■ Assigned task
The material below is to be copied exactly from the line with "അമ്മത്തൊട്ടിലിലെ അഞ്ചാമത്തെ അതിഥിയുമെത്തി." up to and including the line with "Ecuador is packed", with nothing else kept and no pictures.

● ● ● ● ●

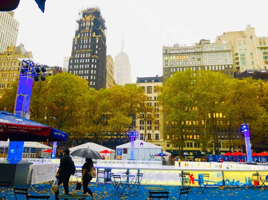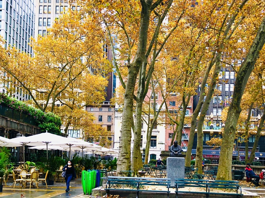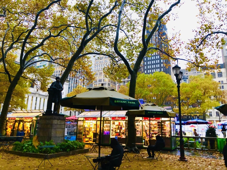 가을비 내리는 날 종일 브라이언트 파크에서
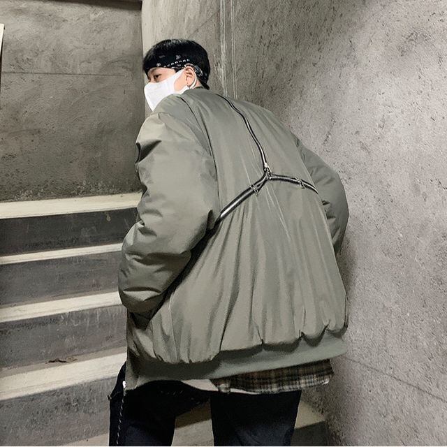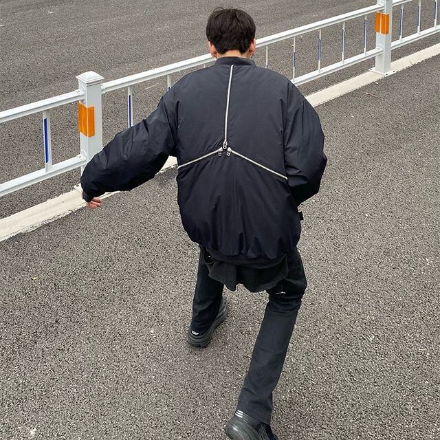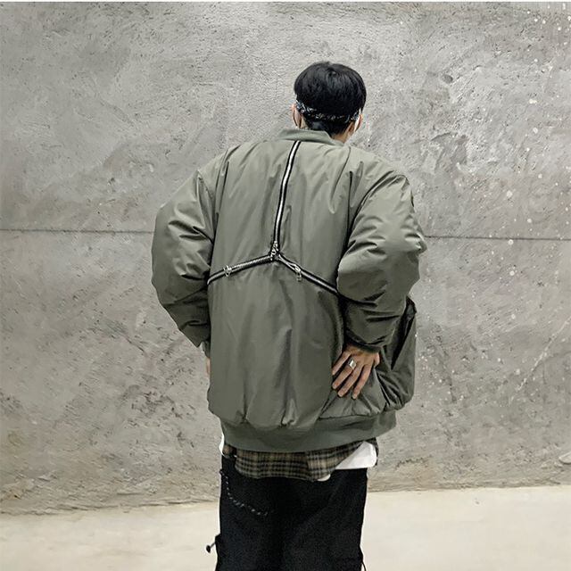 【予約販売】ブルゾン MA-1 アシンメトリー アウター アーミー ミリタリー ショート丈 防寒 メンズ シンプル 無地 ストリート ブラック カーキ 防寒 お洒落 こなれ感 ベーシック 秋冬 大きいサイズ M/L/XL/2XL
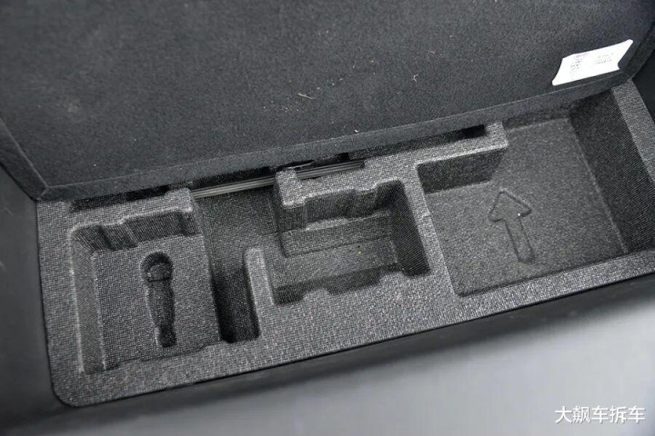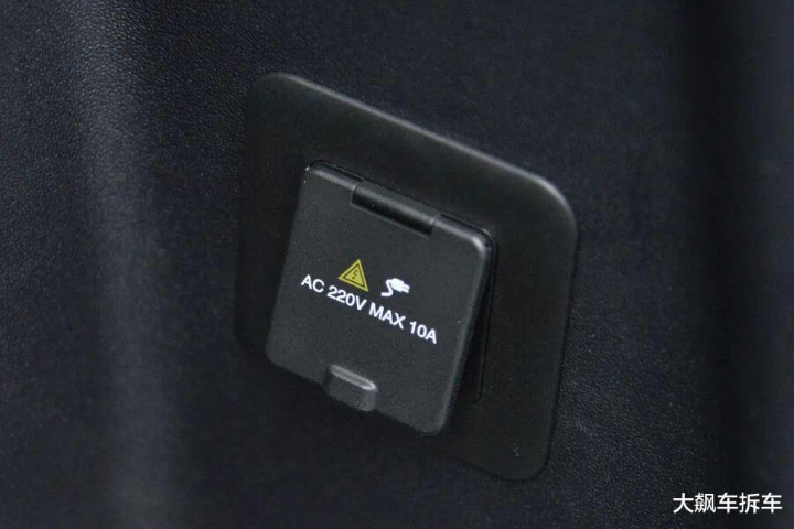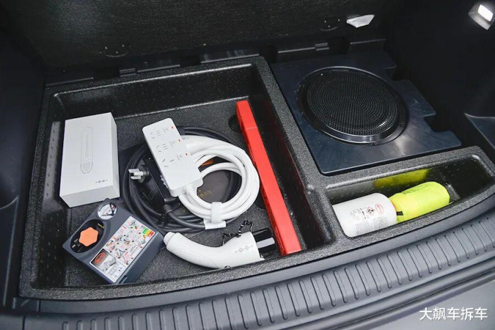 后备厢地板下方还有额外的储物空间,里面有补胎液和充气泵,还有一个2200千瓦对外放电的插口。
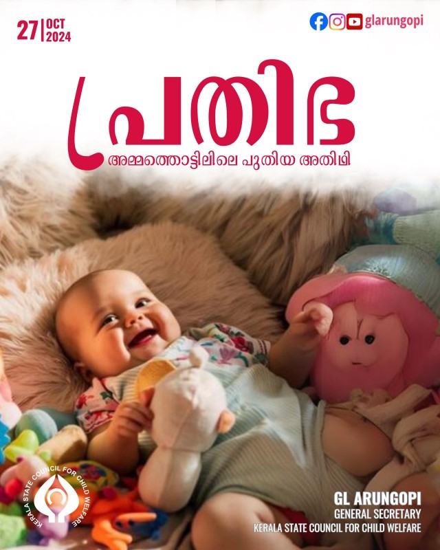 അമ്മത്തൊട്ടിലിൽ “ പ്രതിഭ " ഒക്ടോബർ മാസത്തിൽ അമ്മത്തൊട്ടിലിലെ അഞ്ചാമത്തെ അതിഥിയുമെത്തി.
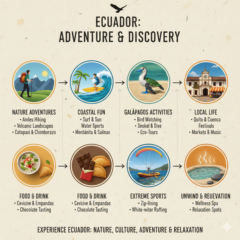 Ecuador is packed with exciting activities that combine nature, culture, and adventure. Let's check out what both the locals and tourists are up to:
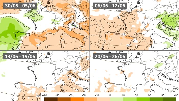 Les projections du modèle européen envisagent un début juin assez instable et orageux, à l'exception des régions méditerranéennes. Une tendance sèche se mettrait ensuite en place sur l'ensemble du territoire au cours de la semaine du 6 au 12 juin. Si aucune anomalie franche ne se dessine pour la seconde quinzaine du mois, il n'est pas prévu de séquences humides.
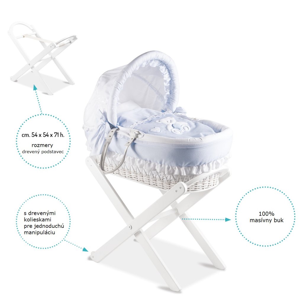 Prútený košík so strieškou z kolekcie Sweet Star. Vďaka uškám je možné košík prenášať. V cene je košík, matrac a textílie.

● ● ● ● ●

■ Answer section
 അമ്മത്തൊട്ടിലിൽ “ പ്രതിഭ " ഒക്ടോബർ മാസത്തിൽ അമ്മത്തൊട്ടിലിലെ അഞ്ചാമത്തെ അതിഥിയുമെത്തി.
 Ecuador is packed with exciting activities that combine nature, culture, and adventure. Let's check out what both the locals and tourists are up to:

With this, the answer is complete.